— SOURCE MATERIAL —
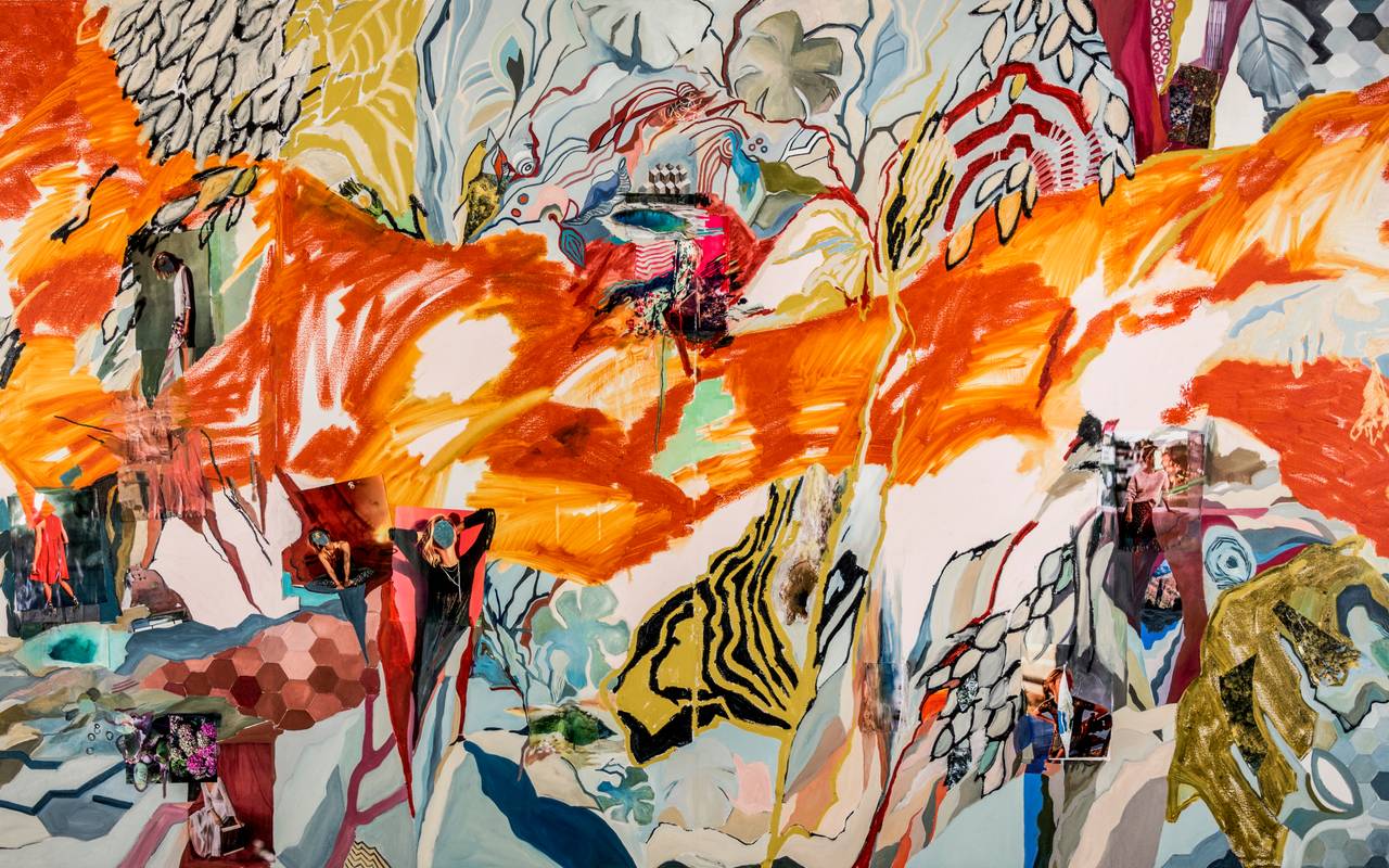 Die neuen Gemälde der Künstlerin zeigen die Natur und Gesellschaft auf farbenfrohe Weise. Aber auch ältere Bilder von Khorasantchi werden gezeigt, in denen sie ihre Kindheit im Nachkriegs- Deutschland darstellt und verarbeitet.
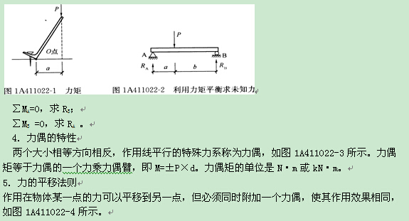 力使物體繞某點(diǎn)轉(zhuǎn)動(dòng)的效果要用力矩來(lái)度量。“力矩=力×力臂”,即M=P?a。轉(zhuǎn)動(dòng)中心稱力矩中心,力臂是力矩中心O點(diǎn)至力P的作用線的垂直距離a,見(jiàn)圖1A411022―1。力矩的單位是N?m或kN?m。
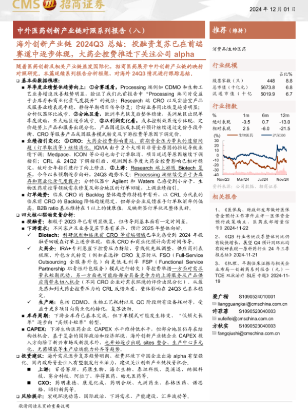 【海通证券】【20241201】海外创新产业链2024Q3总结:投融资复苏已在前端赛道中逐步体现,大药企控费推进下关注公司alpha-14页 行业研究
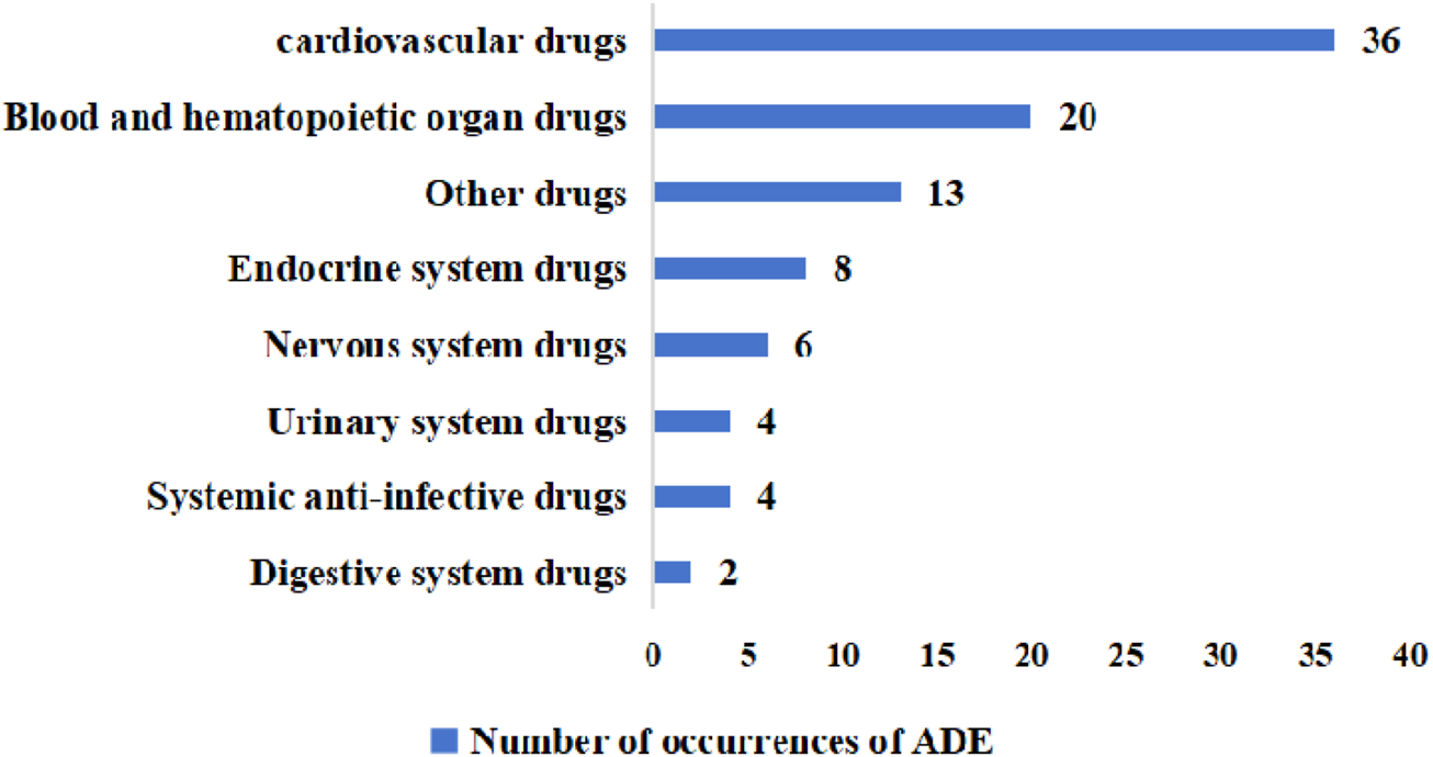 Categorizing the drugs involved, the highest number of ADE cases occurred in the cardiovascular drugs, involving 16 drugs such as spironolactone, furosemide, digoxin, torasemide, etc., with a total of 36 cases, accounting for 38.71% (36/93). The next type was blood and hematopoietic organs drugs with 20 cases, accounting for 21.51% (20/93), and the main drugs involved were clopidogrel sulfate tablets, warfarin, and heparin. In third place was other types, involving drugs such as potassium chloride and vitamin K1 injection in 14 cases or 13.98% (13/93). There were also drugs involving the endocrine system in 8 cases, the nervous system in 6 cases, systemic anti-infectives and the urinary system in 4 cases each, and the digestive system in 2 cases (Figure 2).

— YOUR GOAL —
When you restate the listing above, give each line word for word but leave out every image.

— TASK RESPONSE —
 Die neuen Gemälde der Künstlerin zeigen die Natur und Gesellschaft auf farbenfrohe Weise. Aber auch ältere Bilder von Khorasantchi werden gezeigt, in denen sie ihre Kindheit im Nachkriegs- Deutschland darstellt und verarbeitet.
 力使物體繞某點(diǎn)轉(zhuǎn)動(dòng)的效果要用力矩來(lái)度量。“力矩=力×力臂”,即M=P?a。轉(zhuǎn)動(dòng)中心稱力矩中心,力臂是力矩中心O點(diǎn)至力P的作用線的垂直距離a,見(jiàn)圖1A411022―1。力矩的單位是N?m或kN?m。
 【海通证券】【20241201】海外创新产业链2024Q3总结:投融资复苏已在前端赛道中逐步体现,大药企控费推进下关注公司alpha-14页 行业研究
 Categorizing the drugs involved, the highest number of ADE cases occurred in the cardiovascular drugs, involving 16 drugs such as spironolactone, furosemide, digoxin, torasemide, etc., with a total of 36 cases, accounting for 38.71% (36/93). The next type was blood and hematopoietic organs drugs with 20 cases, accounting for 21.51% (20/93), and the main drugs involved were clopidogrel sulfate tablets, warfarin, and heparin. In third place was other types, involving drugs such as potassium chloride and vitamin K1 injection in 14 cases or 13.98% (13/93). There were also drugs involving the endocrine system in 8 cases, the nervous system in 6 cases, systemic anti-infectives and the urinary system in 4 cases each, and the digestive system in 2 cases (Figure 2).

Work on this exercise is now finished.